Shapvalov, Novak Djokovic unlikely to compete in Sydney's ATP Cup

Meanwhile, Serbian daily Blic is reporting that world No.1 Novak Djokovic will not travel to Sydney for ATP Cup.

Djokovic was named in Serbia's team for the ATP Cup, although the 34-year-old has yet to commit to the Australian Open following the COVID-19 vaccination mandate agreed by Tennis Australia and the Victorian Department of Health.

Djokovic has declined to disclose whether he is vaccinated, citing privacy concerns.

Serbia have been drawn in Group A - along with Norway, Chile and Spain.

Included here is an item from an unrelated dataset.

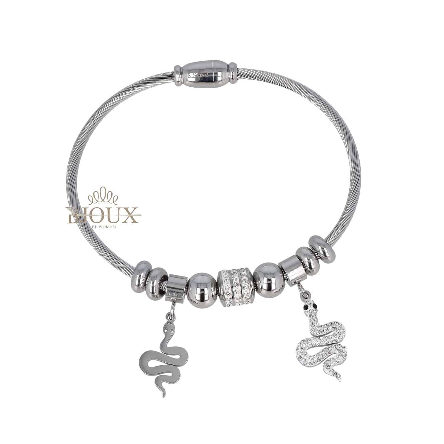 Bracciale bigiotteria in acciaio inossidabile con chiusura a calamita. Decoro di zirconi con pendenti a forma di cobra.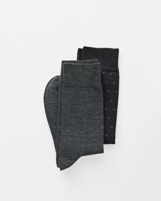 Lot de 2 paires de chaussettes homme de même taille et de coloris assortis : une paire à petits motifs, une paire unie. Se décline dans une maille chaude et douce à base de laine Mérinos. Finition bord-côtes en haut de tige. Talon et pointe renforcés.

Canada are in Group C with Germany, Britain and the United States.

The Blic report quoted an anonymous member of Djokovic's team confirming he wouldn't play in Sydney.

Novak Djokovic has reportedly opted against playing in the ATP Cup in Sydney in the weeks prior to the Australian Open in January next year. (Photo by JOE KLAMAR/AFP via Getty Images)
Novak Djokovic has reportedly opted against playing in the ATP Cup in Sydney in the weeks prior to the Australian Open in January next year. (Photo by JOE KLAMAR/AFP via Getty Images)

“It is 99 per cent sure that Novak won’t go to the ATP Cup. He is training here (in Belgrade) but he has decided to give that tournament a miss," the source said.

Just before Christmas, Australian Open organiser Craig Tiley reiterated that he was still unsure whether Djokovic would compete at the Australian Open.

The vaccine requirements have prevented Djokovic from confirming whether he will bid for a men's record 21st grand slam title and a 10th Australian Open crown.

“The great thing is that everyone [coming to Australia] is vaccinated,” said Tiley.

“Everyone who is coming in is vaccinated and there will be a small percentage – a very small percentage – that will have a medical exemption.

“So if any player, fan [or] workforce is on site here – you’re either vaccinated or you have a medical exemption that’s approved and you’re on the Australian Immunisation Register.

“That provides us with safety and an extra level of comfort on site.”